Williams Companies (WMB 0.09%) continued growing its earnings and cash flow at a healthy rate during the third quarter. That gave the energy company plenty of fuel to pay a growing dividend, which has helped push its yield up to 6.6%. However, while the pipeline giant continued making progress on its strategic plan during the quarter, weakening conditions in the natural gas market appear poised to slow it down in 2020.
Drilling down into Williams Companies' third-quarter results
Metric |
Q3 2019 |
Q3 2018 |
Change |
---|---|---|---|
Adjusted EBITDA |
$1.274 billion |
$1.196 billion |
6.5% |
Distributable cash flow |
$822 million |
$764 million |
7.6% |
Dividend coverage ratio |
1.78 times |
1.85 times |
(3.8%) |
Williams Companies grew both its earnings and cash flow by a mid-single-digit rate versus the year-ago period. That gave it the fuel to increase its dividend by nearly 12% over the past year while maintaining a healthy coverage ratio.
Driving the pipeline company's quarter was growth in its Atlantic-Gulf and Northeast gathering and processing (G&P) businesses:
Earnings in the Atlantic-Gulf segment soared 27% year over year. Driving that growth was the completion of two major expansion projects on its key Transco pipeline as well as higher rates on that system, which are still pending regulatory approval.
The Northeast G&P segment's earnings, meanwhile, surged 22% versus the year-ago period. The company benefited from increased service revenues on three of its systems and the acquisition of Utica East Ohio Midstream. Those factors helped drive a 17% uptick in gas gathering volumes.
The lone weak spot was Williams' West business, where earnings declined 26%. Several factors impacted results, including lower natural gas liquids (NGLs) prices and the sale of the Four Corners and Jackalope assets. The company partially offset those headwinds with higher volumes in the Haynesville and Eagle Ford regions, which rose 18% and 19%, respectively.
What's ahead for Williams Companies
Williams Companies' solid showing during the third quarter kept it on track with its full-year forecast. That outlook anticipates that the gas pipeline company will produce between $4.85 billion and $5.15 billion of adjusted EBITDA -- up about 8% year over year at the midpoint -- and $2.9 billion to $3.3 billion of distributable cash flow.
The company also made excellent progress on the strategic front. It placed the Rivervale South to Market expansion project into service last month and commissioned the Keenesburg I gas processing plant, which will help boost results during the fourth quarter. It also received regulatory approval to build the Southern Trail expansion project, which it expects to finish in time for next winter's heating season. Finally, it filed for permission to construct the Leidy South project, which it hopes to complete in December 2021.
While Williams didn't put out official guidance for 2020, it did give a hint at what to expect. The company noted that the challenging natural gas market would likely impact its growth next year.
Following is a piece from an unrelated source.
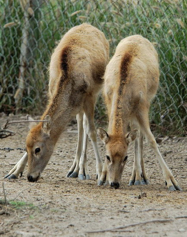 Unlike many deer species, Pere David's Deer is very fond of water. They will wade up to their shoulders in the water and will also swim. These herding animals are very social. They live in large groups except prior to and following mating when males will leave the group. Females remain in social groups throughout the year (Huffman, 2001).

Based on the current plans of its producing customers, gas gathering volumes in its Northeast G&P business should rise 3.5% next year, which is lower than its prior view that they'd increase by 5.5%. Because of that, the company's 2020 EBITDA forecast for that segment is currently tracking at $1.4 billion. While that's up 7.7% year over year, it's down from Williams' initial view that it would rise 11% to $1.45 billion.
The company also noted that it expects capital spending to be materially lower than 2019's budget of $2.3 billion to $2.5 billion. That positions the company to generate more free cash flow next year, which should improve its dividend coverage. Further, it noted that 2020's investment level would still drive growth in 2021, with the company reaffirming its view that adjusted EBITDA should grow at a 5% to 7% annual rate over the long term. Williams plans to provide more details on its 2020 guidance at its analyst day in December.
A slowdown seems to be up ahead
Williams Companies has done a solid job growing its earnings and cash flow this year, even as it has sold assets to improve its balance sheet. However, low natural gas prices this year are causing many of its producing customers to rethink their 2020 growth plans. Because of that, it appears as if the company's growth engine will slow in the coming year. While that's not the best news, the company still has an excellent financial profile, which should enable it to continue growing its dividend until earnings start reaccelerating again in 2021.